Introduction:
In this problem, we are required to find two consecutive odd positive integers whose sum of the squares is equal to 290. Let's solve this problem step by step.

Step 1: Understanding the problem
To solve the problem, we need to understand the important information given in the problem statement. We are given:
- We need to find two consecutive odd positive integers.
- The sum of the squares of these integers is equal to 290.

Step 2: Formulating equations
Let's assume that the first odd integer is x. As the integers are consecutive odd integers, the next odd integer will be x + 2. Now, we can write the equation based on the given information as:

x^2 + (x + 2)^2 = 290

Expanding the equation, we get:

x^2 + x^2 + 4x + 4 = 290

Simplifying the equation, we get:

2x^2 + 4x - 286 = 0

Dividing both sides by 2, we get:

x^2 + 2x - 143 = 0

Step 3: Solving the equation
We can solve the quadratic equation using the quadratic formula:

x = [-b ± √(b^2 - 4ac)] / 2a

Substituting the values in the formula, we get:

x = [-2 ± √(2^2 - 4(1)(-143))] / 2(1)

x = [-2 ± √(4 + 572)] / 2

x = [-2 ± √576] / 2

x = [-2 ± 24] / 2

x = -13 or 11

As we need to find positive integers, we will take x = 11.

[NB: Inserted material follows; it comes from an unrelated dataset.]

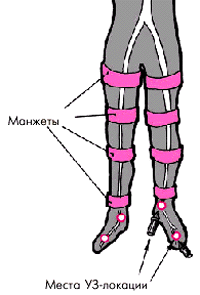 Затем приступают к измерению регионарного систолического АД в отдельных сегментах артерий нижних конечностей: в проксимальном и дистальном отделах бедренной артерии, в подколенной артерии и в артериях голени. Ультразвуковой датчик при этом устанавливают в третьей или четвертой позициях и получают допплеровское изображение кровотока в передней или задней тибиальной артерии. После этого в манжетку, установленную на уровне верхней трети бедра, нагнетают воздух несколько выше значения в момент полного прекращения кровотока в тибиальной артерии. Затем медленно выпускают воздух, снижая давление в манжетке и тем самым уменьшая сжатие артерии. При давлении в манжетке чуть ниже систолического артерия начинает пропускать в систолу первые пульсовые волны, которые фиксируются ультразвуковым датчиком. Так же определяют систолическое АД на всех четырех уровнях артериальной системы нижних конечностей.

Step 4: Finding the consecutive odd integer
The first odd integer is x = 11. The next odd integer will be x + 2 = 13.

Step 5: Checking the answer
We can check whether our answer is correct or not by substituting the values in the equation:

11^2 + 13^2 = 121 + 169 = 290

The sum of the squares of these integers is equal to 290, which is the same as given in the problem statement.

Conclusion:
Therefore, we have found that the two consecutive odd positive integers whose sum of squares is equal to 290 are 11 and 13.